Храни — и пусть времен грохочет колесница, —
Поэзии дворец и сказок дивный свет!
Любовью — любоваться, а волшебству — дивиться, —
Таков, как понимаю, твой творческий обет.

Аттербум

Чтобы путешествовать по Швеции, нужен собственный экипаж, и я вынужден был бы его купить, если бы губернатор великодушно не предложил мне использовать на все время путешествия свой. Профессор Шрёдер снабдил меня мелкой разменной монетой и хлыстом, Фалькранс нарисовал план путешествия, и с этого началась уникальная для меня и моей карьеры путешественника поездка, подобная тем, что совершаются ныне по Америке, где сеть железных дорог еще не проложена. Я как будто отправился на сто лет назад, таким отличным от прежних вояжей оказался этот.

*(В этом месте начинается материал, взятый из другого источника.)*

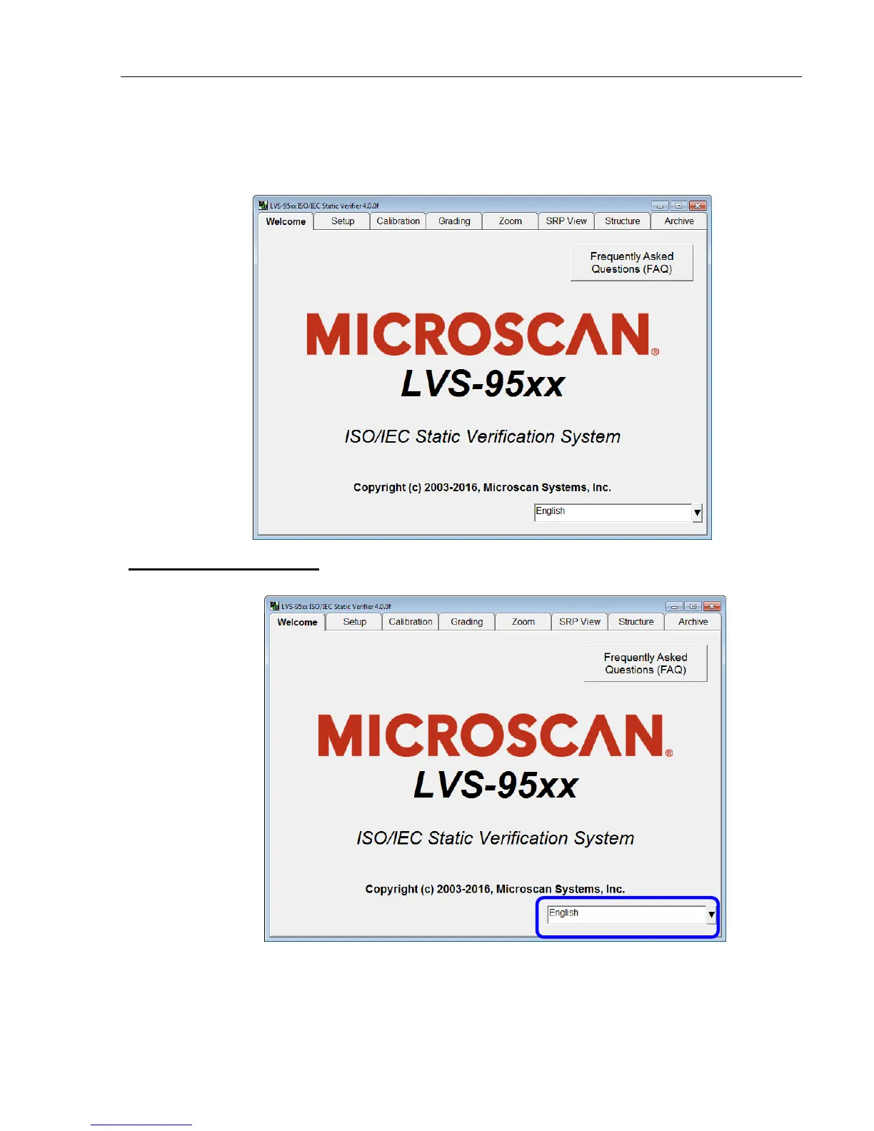 Microscan LVS-9500 - Welcome Tab; Choice of Language
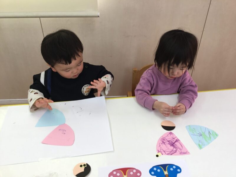 目は黒いシールを貼りました。小さく切ったシールの台紙から、更に小さなシールを剥がすのには少し苦戦していましたが、少し折れてしまった部分も、顔に貼ってみると、ウィンクしているように見えます。口は赤いクレヨンで描いてみました。保育者が「お口をかいてみて」とクレヨンを渡すと、「にこ~」と言いながら、優しいタッチで丁寧に口を描くことができました。
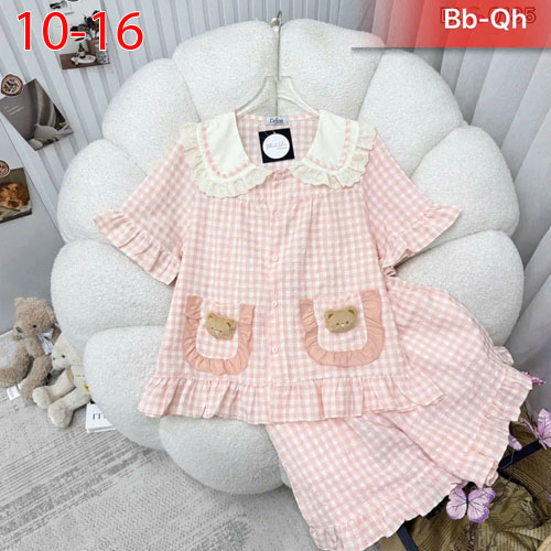 A504306 - Set được may trên chất vải caro coto cổ áo phối ren xinh sắn hình in sắc nét in gấu_Size 1
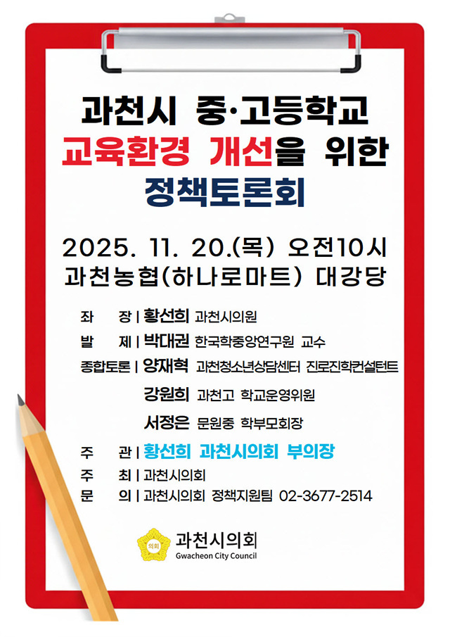 (비전21뉴스=정서영 기자) 과천시의회는 오는 11월 20일(목) 오전 10시, 과천농협 대강당에서‘과천시 중·고등학교 교육구조 개선 정책토론회’를 개최한다고 밝혔다.
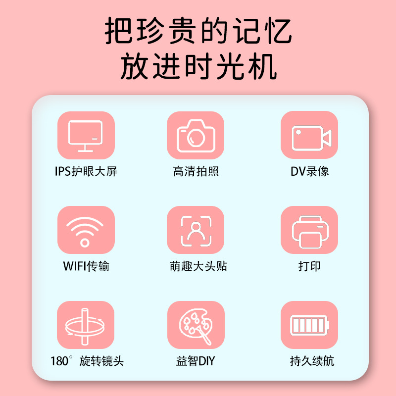 新款儿童拍立得照相机数码大屏高清相机送小孩礼物可连接手机迷你
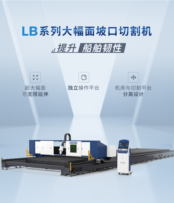 大國(guó)船舶 強(qiáng)鏈制造 滬東中華造船(集團(tuán))有限公司是中國(guó)船舶工業(yè)集團(tuán)公司旗下的骨干核心企業(yè),是集合造船、海洋工程、非船三大業(yè)務(wù)板塊為一體的綜合性產(chǎn)業(yè)集團(tuán),具有70多年的造船歷史和豐富的造船經(jīng)驗(yàn),為國(guó)內(nèi)外船東建造過(guò)LNG船、LPG船、大中型集裝箱船、化學(xué)品船、滾裝船、油船、散貨船、客貨船、特種工作船、軍艦和軍輔船等各類(lèi)船舶3000多艘。 此次簽約的大族LB系列38mx5m超大幅面坡口切割機(jī),可同時(shí)用于加工大尺寸平板和坡口,雙擺動(dòng)軸坡口機(jī)構(gòu),實(shí)現(xiàn)0~±45°內(nèi)任意切割V坡、A坡、Y坡、X坡、K坡、漸變坡等坡口,斷面質(zhì)量高,彌補(bǔ)了火焰切割與等離子切割等傳統(tǒng)加工模式中割縫寬、切割精度差的缺陷,更能確保船舶構(gòu)件強(qiáng)度,保證船舶制造質(zhì)量;加工速度快,生產(chǎn)效率高,可大大縮短船舶建造周期,助力滬東中華船舶制造提質(zhì)增效。 LB系列線軌大幅面坡口切割機(jī),是中國(guó)船舶工業(yè)行業(yè)協(xié)會(huì)的“強(qiáng)鏈品牌”產(chǎn)品,已廣泛應(yīng)用于船舶工業(yè),成為推動(dòng)船舶制造升級(jí)的中堅(jiān)力量之一。

Готовясь к празднованию Ночи Святого Ханса, на майские шесты уже вешали гирлянды цветов, когда я доехал до Лександа, где передо мной засияло огромное продолговатое озеро Сильян. Могучие ивы протянули свои ветви над быстрыми водами реки Далэльв, по которой плавали дикие лебеди; на той стороне Мора ближе к норвежской границе неясно вырисовывались синие горы. Вокруг меня кипела жизнь, все двигалось, как в гигантском калейдоскопе, мелькали живописные костюмы, было по-летнему тепло. Я не представлял себе таким тихий холодный Север, сколько жизни — настоящий солнцеворот! На воду было спущено множество лодок, переполненных празднично одетыми пасторами, стариками и молодыми — вплоть до грудных младенцев. Представшая передо мной картина была так живописна и красочна, что слова на ее фоне бледнеют. Впрочем, профессор Марстранд, вдохновленный моим описанием здешних мест, а также устным о них рассказом, съездил сюда два года назад как раз ко времени этого летнего праздника и великолепно передал дух и краски здешних мест на холсте.

В Лександе путешественник еще мог найти приют в гостинице, севернее же дела обстояли совсем иначе. В Ретвике мне пришлось прибегнуть к местным обычаям и остановиться у усадьбы священника, чтобы попроситься у него на ночлег. Пастор радушно принял меня еще до того, как я успел представиться. Когда же я назвал свое имя, события стали развиваться, как на настоящем празднике. На следующий день я отправился вместе со священником на ближайший курорт; на мосту нас уже поджидала стайка ребятишек, которые принялись отчаянно махать мне шапочками. О, они прекрасно знали, кто написал их любимые сказки! «К нам, в Далекарлию, приехал Андерсен!» — вот какую новость принес им накануне один из ликующих сейчас вместе с остальными мальчишек. Окруженный радостной шведской детворой, я вспомнил в эту минуту о моих маленьких бедных друзьях в госпитале Джорджа Хериота в Эдинбурге и о ребятишках Шотландии. Сердце мое преисполнилось кротости и смирения. Благодарный Господу, я молил его простить мне все вздохи и жалобы, которые я возносил Ему в тяжелые для меня часы, в минуты горечи и печали.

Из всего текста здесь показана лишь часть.